§ **PROVIDED RECORDS**:
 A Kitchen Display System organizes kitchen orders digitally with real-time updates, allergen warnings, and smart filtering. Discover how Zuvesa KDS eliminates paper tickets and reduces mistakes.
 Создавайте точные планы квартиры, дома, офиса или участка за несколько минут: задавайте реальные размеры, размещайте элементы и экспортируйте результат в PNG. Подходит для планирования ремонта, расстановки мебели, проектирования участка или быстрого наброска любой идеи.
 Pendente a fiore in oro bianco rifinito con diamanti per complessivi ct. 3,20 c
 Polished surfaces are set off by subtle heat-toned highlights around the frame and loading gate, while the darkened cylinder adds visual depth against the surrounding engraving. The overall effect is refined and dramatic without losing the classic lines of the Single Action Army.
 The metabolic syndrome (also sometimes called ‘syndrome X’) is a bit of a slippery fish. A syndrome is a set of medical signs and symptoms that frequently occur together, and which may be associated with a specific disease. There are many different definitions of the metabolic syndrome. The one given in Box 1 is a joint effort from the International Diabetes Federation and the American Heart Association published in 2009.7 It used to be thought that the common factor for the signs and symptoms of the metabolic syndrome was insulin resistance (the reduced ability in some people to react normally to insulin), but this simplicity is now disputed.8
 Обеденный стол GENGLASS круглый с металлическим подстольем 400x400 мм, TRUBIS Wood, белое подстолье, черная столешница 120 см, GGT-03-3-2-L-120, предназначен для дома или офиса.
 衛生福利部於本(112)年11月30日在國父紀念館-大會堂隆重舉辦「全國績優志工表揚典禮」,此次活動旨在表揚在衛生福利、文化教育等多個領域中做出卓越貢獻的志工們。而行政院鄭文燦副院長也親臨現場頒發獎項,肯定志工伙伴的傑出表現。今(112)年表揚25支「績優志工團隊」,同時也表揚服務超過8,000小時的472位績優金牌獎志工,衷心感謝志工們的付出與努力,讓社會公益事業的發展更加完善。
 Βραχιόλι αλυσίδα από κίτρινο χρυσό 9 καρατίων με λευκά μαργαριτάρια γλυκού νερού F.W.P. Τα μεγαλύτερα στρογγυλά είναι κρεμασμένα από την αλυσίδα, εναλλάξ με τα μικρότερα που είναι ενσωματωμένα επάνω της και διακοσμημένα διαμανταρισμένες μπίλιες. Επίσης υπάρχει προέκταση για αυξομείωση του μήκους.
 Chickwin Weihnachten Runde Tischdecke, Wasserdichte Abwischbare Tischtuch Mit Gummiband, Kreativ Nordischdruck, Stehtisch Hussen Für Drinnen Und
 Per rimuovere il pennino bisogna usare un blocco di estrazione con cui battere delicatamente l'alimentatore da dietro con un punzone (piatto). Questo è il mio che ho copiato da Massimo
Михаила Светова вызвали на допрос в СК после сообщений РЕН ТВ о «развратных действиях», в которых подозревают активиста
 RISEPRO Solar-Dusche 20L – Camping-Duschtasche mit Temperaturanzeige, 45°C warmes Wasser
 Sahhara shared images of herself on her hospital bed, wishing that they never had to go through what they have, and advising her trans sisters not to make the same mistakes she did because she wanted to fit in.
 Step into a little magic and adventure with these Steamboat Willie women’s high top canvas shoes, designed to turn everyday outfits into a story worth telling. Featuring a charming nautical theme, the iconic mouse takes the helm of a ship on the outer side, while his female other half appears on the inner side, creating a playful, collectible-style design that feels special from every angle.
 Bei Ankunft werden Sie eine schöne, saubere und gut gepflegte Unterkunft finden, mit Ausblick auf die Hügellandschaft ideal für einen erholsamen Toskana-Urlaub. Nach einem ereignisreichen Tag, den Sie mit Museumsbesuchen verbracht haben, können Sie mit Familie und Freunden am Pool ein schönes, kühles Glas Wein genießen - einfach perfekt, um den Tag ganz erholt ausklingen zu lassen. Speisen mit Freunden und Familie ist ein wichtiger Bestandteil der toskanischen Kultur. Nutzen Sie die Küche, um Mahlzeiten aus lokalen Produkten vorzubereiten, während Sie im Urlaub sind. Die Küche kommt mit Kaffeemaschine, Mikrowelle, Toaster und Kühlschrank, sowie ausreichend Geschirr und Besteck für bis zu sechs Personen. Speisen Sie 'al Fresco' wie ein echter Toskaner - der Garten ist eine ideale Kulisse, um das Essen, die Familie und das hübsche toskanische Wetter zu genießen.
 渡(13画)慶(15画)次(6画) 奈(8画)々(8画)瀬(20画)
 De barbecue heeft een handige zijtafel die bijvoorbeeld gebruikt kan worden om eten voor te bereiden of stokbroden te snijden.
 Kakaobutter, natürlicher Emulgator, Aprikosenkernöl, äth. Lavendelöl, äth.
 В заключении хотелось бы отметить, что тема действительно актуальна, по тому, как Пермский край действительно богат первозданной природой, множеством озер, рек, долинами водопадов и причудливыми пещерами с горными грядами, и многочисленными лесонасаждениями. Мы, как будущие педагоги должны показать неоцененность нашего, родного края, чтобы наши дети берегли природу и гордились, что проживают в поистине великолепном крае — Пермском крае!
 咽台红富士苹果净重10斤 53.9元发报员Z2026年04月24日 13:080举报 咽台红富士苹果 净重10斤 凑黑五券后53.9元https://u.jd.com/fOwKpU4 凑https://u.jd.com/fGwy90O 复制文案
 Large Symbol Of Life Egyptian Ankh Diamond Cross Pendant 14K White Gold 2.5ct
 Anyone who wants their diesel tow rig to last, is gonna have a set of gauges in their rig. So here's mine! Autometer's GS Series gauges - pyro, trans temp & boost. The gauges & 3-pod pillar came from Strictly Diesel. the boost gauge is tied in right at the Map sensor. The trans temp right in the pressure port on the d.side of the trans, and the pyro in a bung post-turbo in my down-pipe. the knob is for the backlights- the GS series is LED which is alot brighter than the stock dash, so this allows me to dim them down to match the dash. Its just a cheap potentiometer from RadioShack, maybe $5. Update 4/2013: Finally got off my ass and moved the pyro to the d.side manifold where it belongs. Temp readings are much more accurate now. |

§ **TASK DETAILS**: Looking at the records above, say how many of their lines include the word "офиса", with no other words.

§ **RESULT OF THIS EXERCISE**: 2